Exactly the lines from the beginning of the records below through the line with "트윌 코튼 소재를 이용한" must be given again, without pictures.

***** SOURCE DATA *****

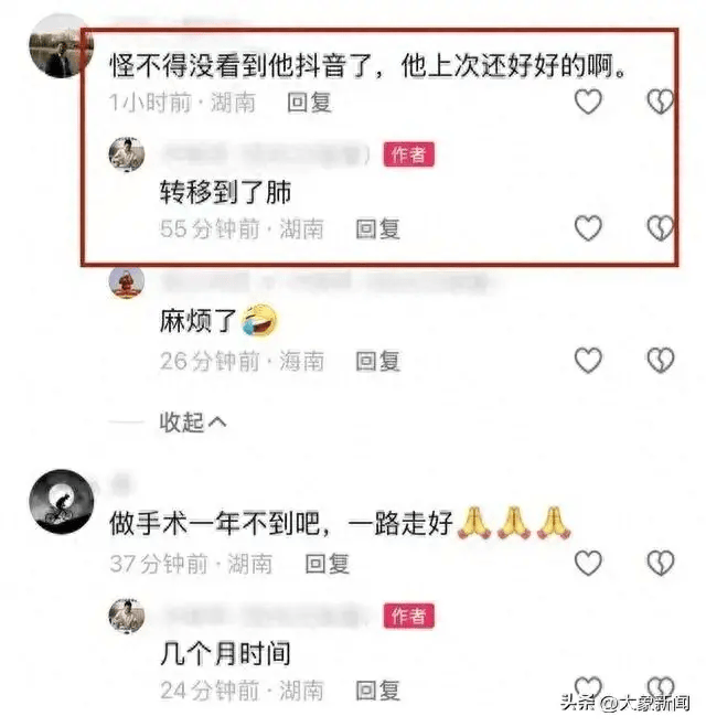 可惜的是因為發展太快,他都來不及與粉絲告別,最後一部電影的動態也是讓人感慨不已,從其簡短的話語中不難看出,他非常渴望生存,為此他留言:老天爺,在夢裡跟你講的話…
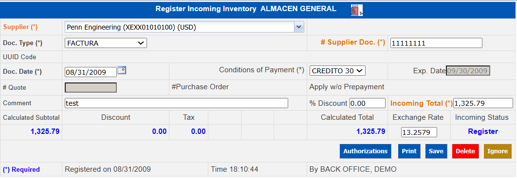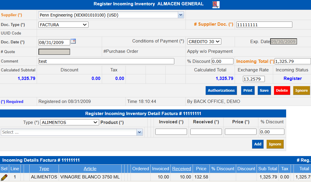 Click the Authorize button in the Incoming Inventory Invoiced section.
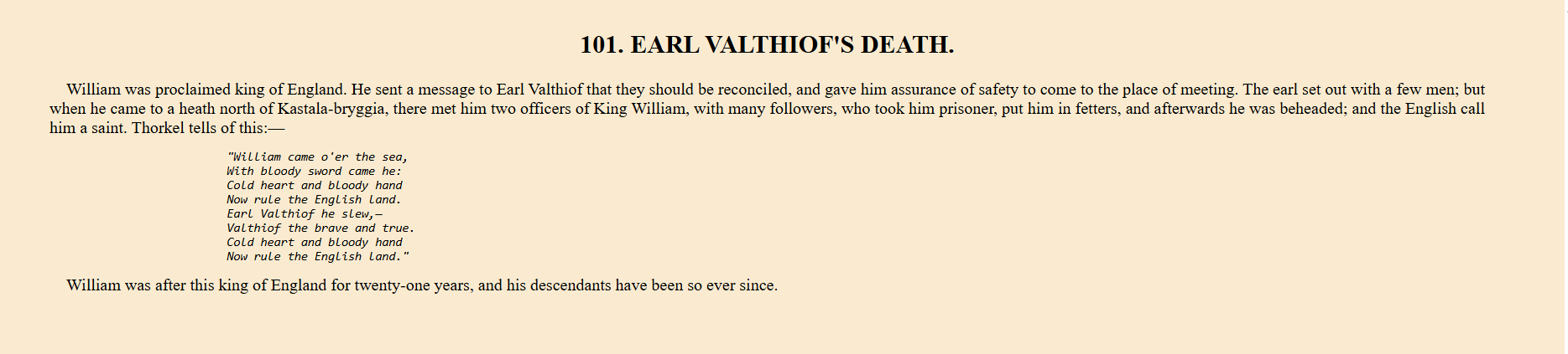 William (or Viljan) the Bastard, he was called. His father never married and after the death of his father, he had to spend a couple of years pacifying the great men and nobles who did not want to acknowledge his inheritance after his father. This he ruthlessly did.
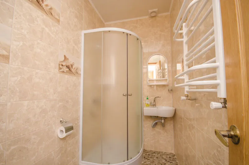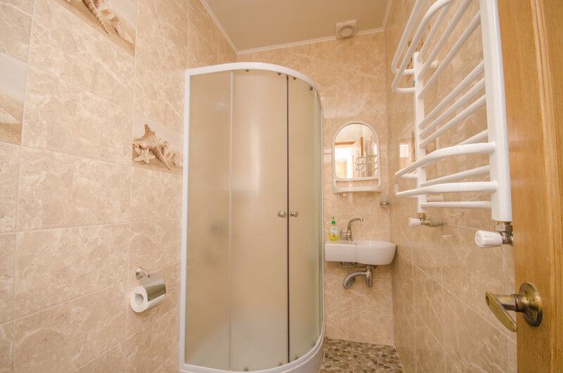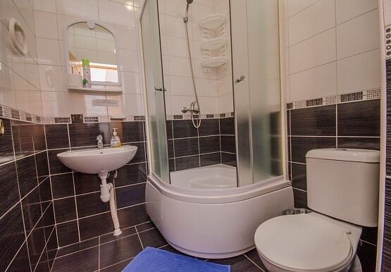 Санузел - просторная душевая кабина, с гигиеническим набором и набором текстиля.
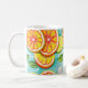Esta caneca clássica apresenta um design cítrico ousado e vibrante com fatias suculentas de laranja, limão e lima ilustradas em um estilo moderno e animado. Contra um fundo azul-turquesa brilhante com acentos em forma de respingos e folhas verdes frescas, a obra de arte cria uma aparência enérgica e refrescante que ilumina instantaneamente qualquer cozinha ou espaço de trabalho. Perfeita para café da manhã, chá ou bebidas noturnas aconchegantes, esta caneca combina praticidade cotidiana com uma estética alegre e atraente. Durável, brilhante e cheia de personalidade, ela traz um toque de cor às rotinas diárias e faz um presente divertido e memorável para amantes de frutas e fãs de designs inspiradores.
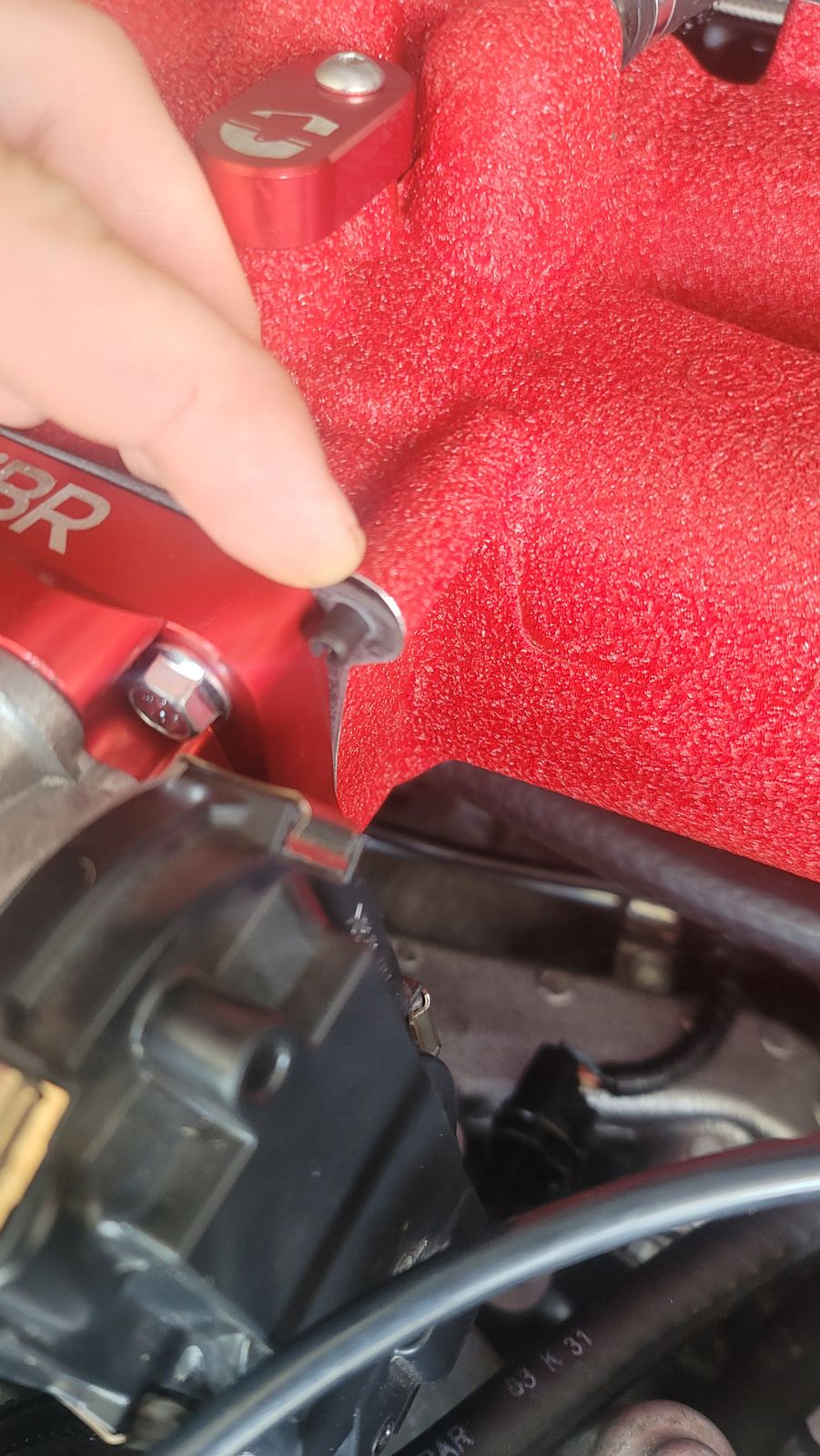 I noticed everyone on YouTube isn't using the gasket between the intake manifold and the adapter plate for the throttle body with the red aluminum intake manifold. You need to use a gasket included with this kit as the aluminum intake doesn't have an o-ring gasket like the plastic intake manifold does! I've included a picture on how to spot if the gasket is installed. Don't be there person with a boost leak.
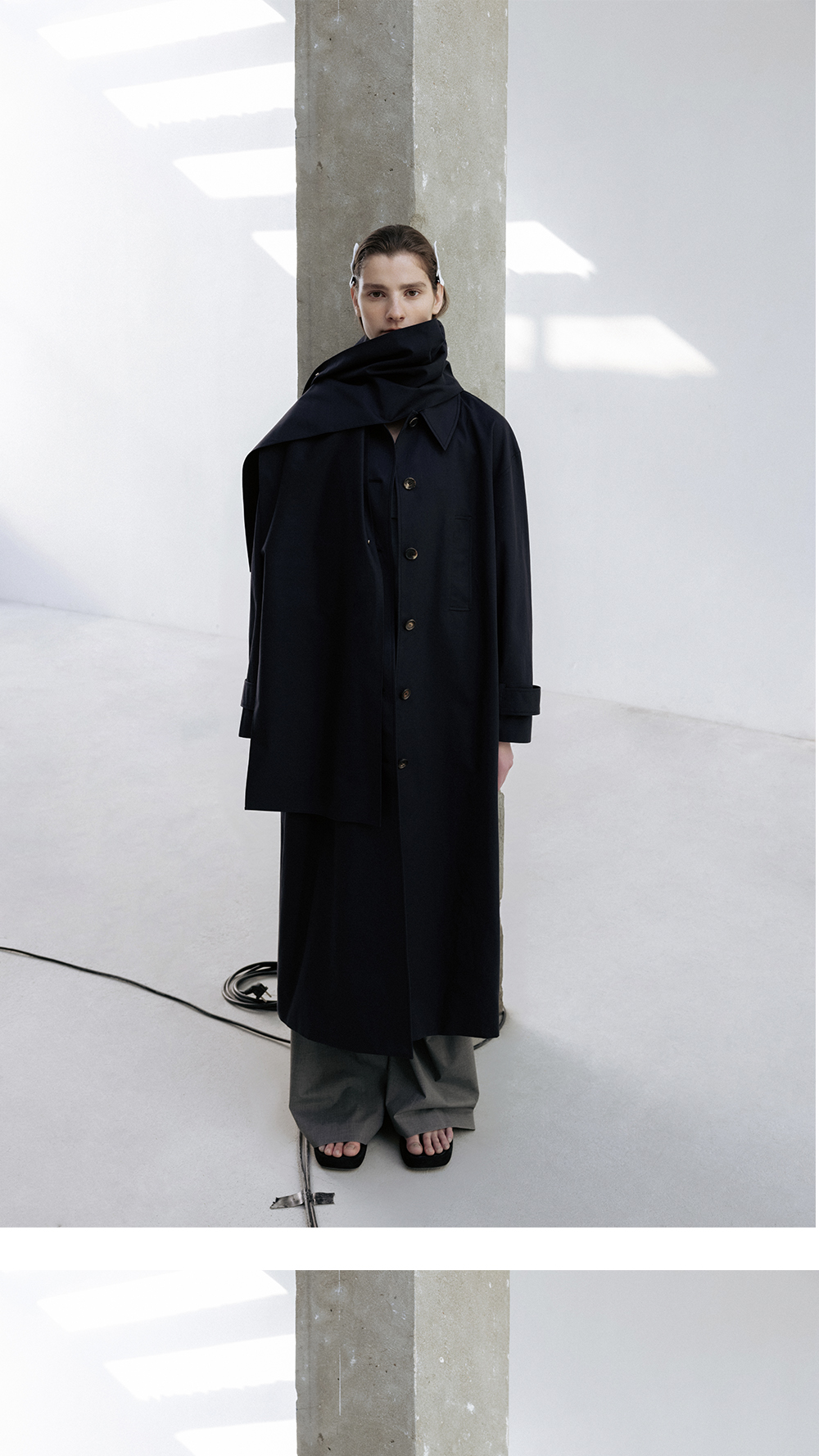 트윌 코튼 소재를 이용한 클래식한 디자인의 트렌치코트입니다. 매끄러우면서도 탄탄한 가공이 특징인 코튼소재로 실루엣에 신경을 쓴 아이템입니다. 소매에 턱 디테일을 넣어 볼륨있는 슬리브 실루엣을 보여주며 브라운톤의 소뿔버튼으로 마무리를 하였습니다. 뒤쪽에 턱 디테일을 넣어 입체적인 실루엣을 보여줍니다. 롱한 기장감의 코튼 머플러는 다양한 스타일링을 할 수 있게 여유있는 폭과 길이로 디자인하였습니다.
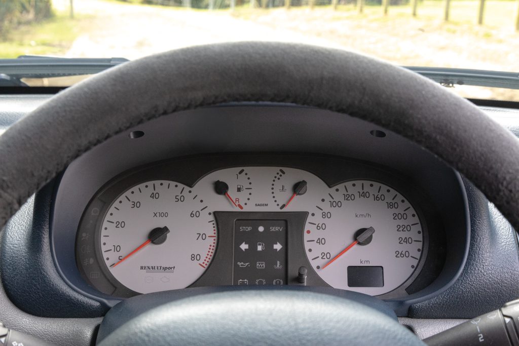 So when the Clio II debuted in 1998, Renault Sport was quick to work its magic on the new super mini. The Clio Renault Sport 172, or Clio R.S for short, followed the usual recipe of adding a bigger engine and a few suspension mods while the styling was given a dusting of upgrades. The Clio R.S would receive the Laguna’s 2.0-litre, 16 valve four. With a better inlet manifold feeding a cylinder head machined by Mechachrome, the maker of Renault F1 engines, the freer flowing four could spin to 7200rpm. Power was rated at 127kW which is 172 PS, hence the name, and delivered at a heady 6250rpm. This was sent to the front wheels via a five-speed manual, the only transmission option.
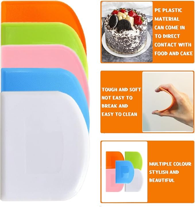 • 【Easy to Clean】These dough scrapers are made of food-grade PE plastic, which is tougher and not easy to break compared to cheap PP materials, and can be washed in warm water or dishwasher after use.
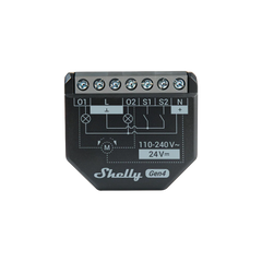 A 2-channel smart switch for control of curtains, blinds, and shutters. Features power metering and multiprotocol support (Wi-Fi, Zigbee, Matter, Bluetooth).

*****

ANSWER TO THIS TASK:
 可惜的是因為發展太快,他都來不及與粉絲告別,最後一部電影的動態也是讓人感慨不已,從其簡短的話語中不難看出,他非常渴望生存,為此他留言:老天爺,在夢裡跟你講的話…
 Click the Authorize button in the Incoming Inventory Invoiced section.
 William (or Viljan) the Bastard, he was called. His father never married and after the death of his father, he had to spend a couple of years pacifying the great men and nobles who did not want to acknowledge his inheritance after his father. This he ruthlessly did.
 Санузел - просторная душевая кабина, с гигиеническим набором и набором текстиля.
Esta caneca clássica apresenta um design cítrico ousado e vibrante com fatias suculentas de laranja, limão e lima ilustradas em um estilo moderno e animado. Contra um fundo azul-turquesa brilhante com acentos em forma de respingos e folhas verdes frescas, a obra de arte cria uma aparência enérgica e refrescante que ilumina instantaneamente qualquer cozinha ou espaço de trabalho. Perfeita para café da manhã, chá ou bebidas noturnas aconchegantes, esta caneca combina praticidade cotidiana com uma estética alegre e atraente. Durável, brilhante e cheia de personalidade, ela traz um toque de cor às rotinas diárias e faz um presente divertido e memorável para amantes de frutas e fãs de designs inspiradores.
 I noticed everyone on YouTube isn't using the gasket between the intake manifold and the adapter plate for the throttle body with the red aluminum intake manifold. You need to use a gasket included with this kit as the aluminum intake doesn't have an o-ring gasket like the plastic intake manifold does! I've included a picture on how to spot if the gasket is installed. Don't be there person with a boost leak.
 트윌 코튼 소재를 이용한 클래식한 디자인의 트렌치코트입니다. 매끄러우면서도 탄탄한 가공이 특징인 코튼소재로 실루엣에 신경을 쓴 아이템입니다. 소매에 턱 디테일을 넣어 볼륨있는 슬리브 실루엣을 보여주며 브라운톤의 소뿔버튼으로 마무리를 하였습니다. 뒤쪽에 턱 디테일을 넣어 입체적인 실루엣을 보여줍니다. 롱한 기장감의 코튼 머플러는 다양한 스타일링을 할 수 있게 여유있는 폭과 길이로 디자인하였습니다.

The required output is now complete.